* Given records:
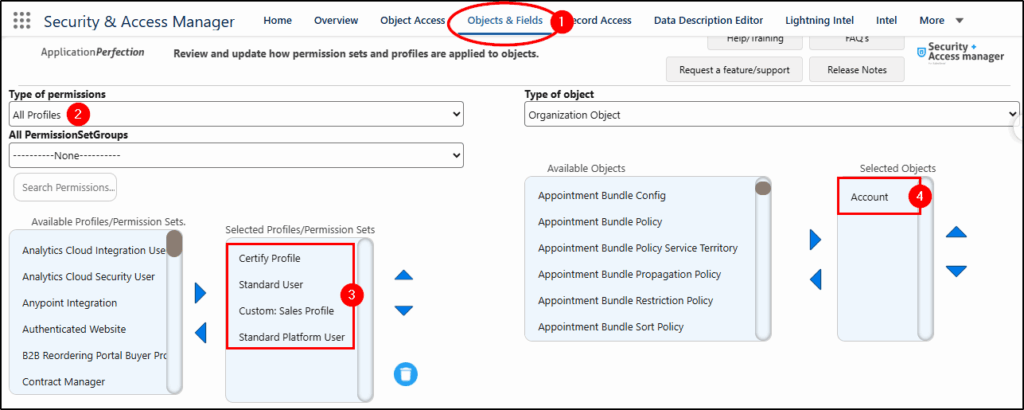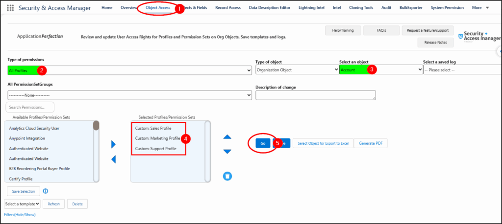 Starting in the Object Access app (1), we select All Profiles (2), choose the Account object (3), and then the three custom profiles we want to investigate (4). Finally, we click Go (5).
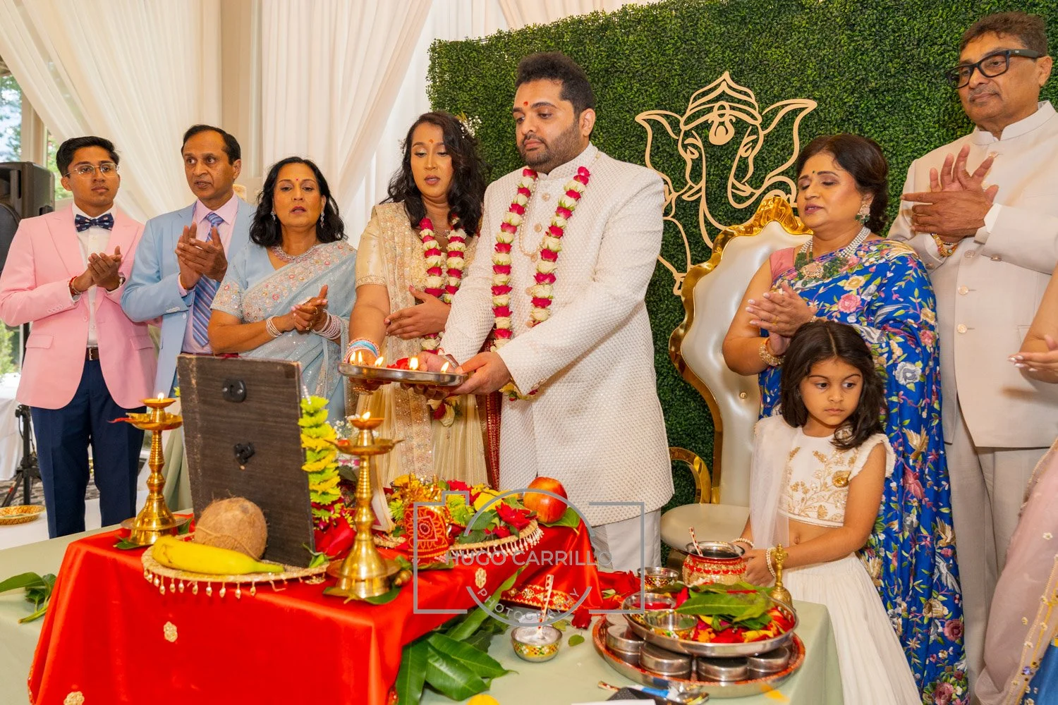 Hindu family participating in a religious ceremony with jewelry, offerings, and traditional decorations.
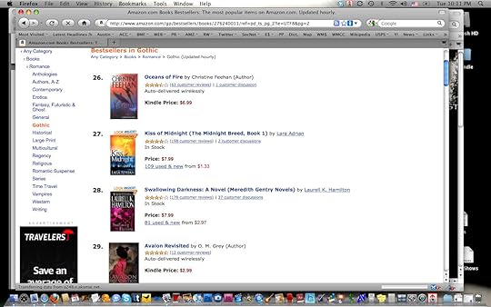 Over the past few weeks, Avalon Revisited has been hovering around the #30 mark on Amazon's Best-Seller list for Gothic Romance. I couldn't be more thrilled! The lists are updated every hour, so I have seen it as high as #26 & low as #42, but it's all pretty close!
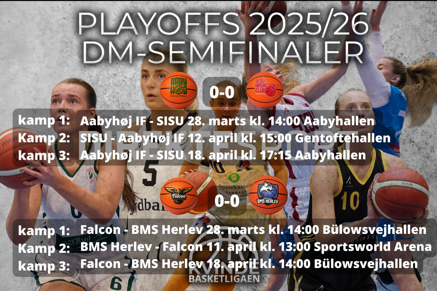 Falcon der vandt grundspillet, får fornøjelsen af BMS Herlev der sluttede på 4. pladsen mens Aabyhøj IF som endte nr. 2 skal spille mod SISU der blev nr. 3.
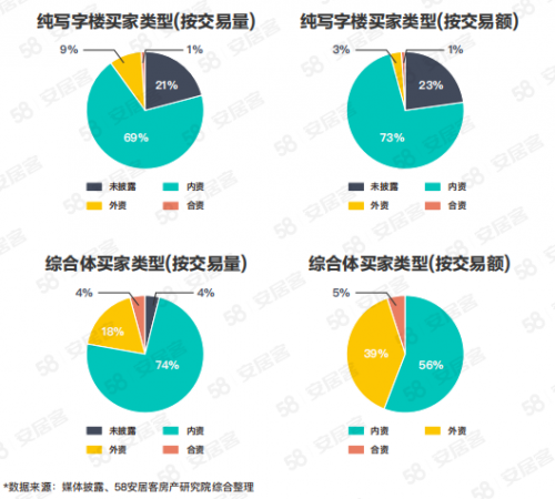 按交易額計(jì),純寫(xiě)字樓交易中內(nèi)資貢獻(xiàn)669億,占比73%,外資貢獻(xiàn)287億,占比3%;綜合體交易中內(nèi)資貢獻(xiàn)185億,占比56%,外資貢獻(xiàn)131億,占比39%。
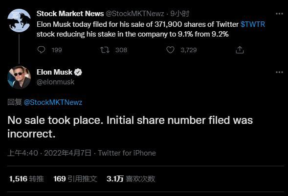 此外,名为@StockMKTNewz的推特账号声称,马斯克提交了出售37.19万股推特股票的申请,将其在该公司的持股比例从9.2%降至9.1%。
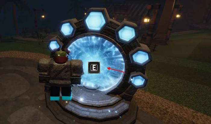 Sau khi hoàn thành nhiệm vụ, hãy đến gặp NPC Wizard ở cuối đảo trong một căn nhà. Đây cũng chính là NPC giúp mọi người đổi chủng tộc trong The Forge. Con đường dẫn đến Wizard nằm bên tay trái, ngay trước khi đi vào hang động. Vậy là xong, mọi người đã sở hữu Portal Tool và có thể bắt đầu dùng nó để di chuyển tới các địa điểm khác nhau trong The Forge map.
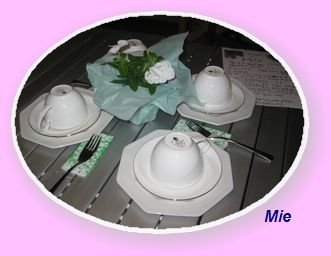 | テーブルセッティングが整いました。優しい色合いでとても素敵です。 | |
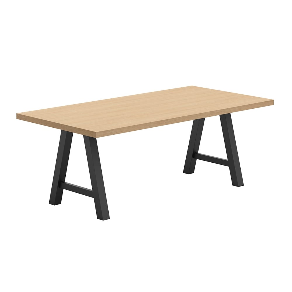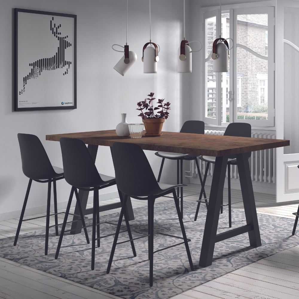 À mi-chemin entre l’esprit atelier et loft, la table haute bois clair QUEBEC s’impose comme un modèle envisageable pour faire de votre séjour un parfait exemple du style indus si plébiscité et intemporel. Son piètement métal noir rappelle sans équivoque la forme d’un tréteau, et sa hauteur de 90 cm permet un usage qui change, où les tabourets de bar seront de mise. Si vous avez envie de changer d’une table de repas classique, jetez votre dévolu sur ce modèle, et personnalisez-le pour le faire correspondre à vos goûts grâce à ses multiples possibilités de plateaux et de coloris de piètement.

* Your goal:
Starting at the first line of the material above and ending with the line that contains "此外,名为@StockMKT", reproduce every line exactly, and leave out the pictures.

* Task result:
 Starting in the Object Access app (1), we select All Profiles (2), choose the Account object (3), and then the three custom profiles we want to investigate (4). Finally, we click Go (5).
 Hindu family participating in a religious ceremony with jewelry, offerings, and traditional decorations.
 Over the past few weeks, Avalon Revisited has been hovering around the #30 mark on Amazon's Best-Seller list for Gothic Romance. I couldn't be more thrilled! The lists are updated every hour, so I have seen it as high as #26 & low as #42, but it's all pretty close!
 Falcon der vandt grundspillet, får fornøjelsen af BMS Herlev der sluttede på 4. pladsen mens Aabyhøj IF som endte nr. 2 skal spille mod SISU der blev nr. 3.
 按交易額計(jì),純寫(xiě)字樓交易中內(nèi)資貢獻(xiàn)669億,占比73%,外資貢獻(xiàn)287億,占比3%;綜合體交易中內(nèi)資貢獻(xiàn)185億,占比56%,外資貢獻(xiàn)131億,占比39%。
 此外,名为@StockMKTNewz的推特账号声称,马斯克提交了出售37.19万股推特股票的申请,将其在该公司的持股比例从9.2%降至9.1%。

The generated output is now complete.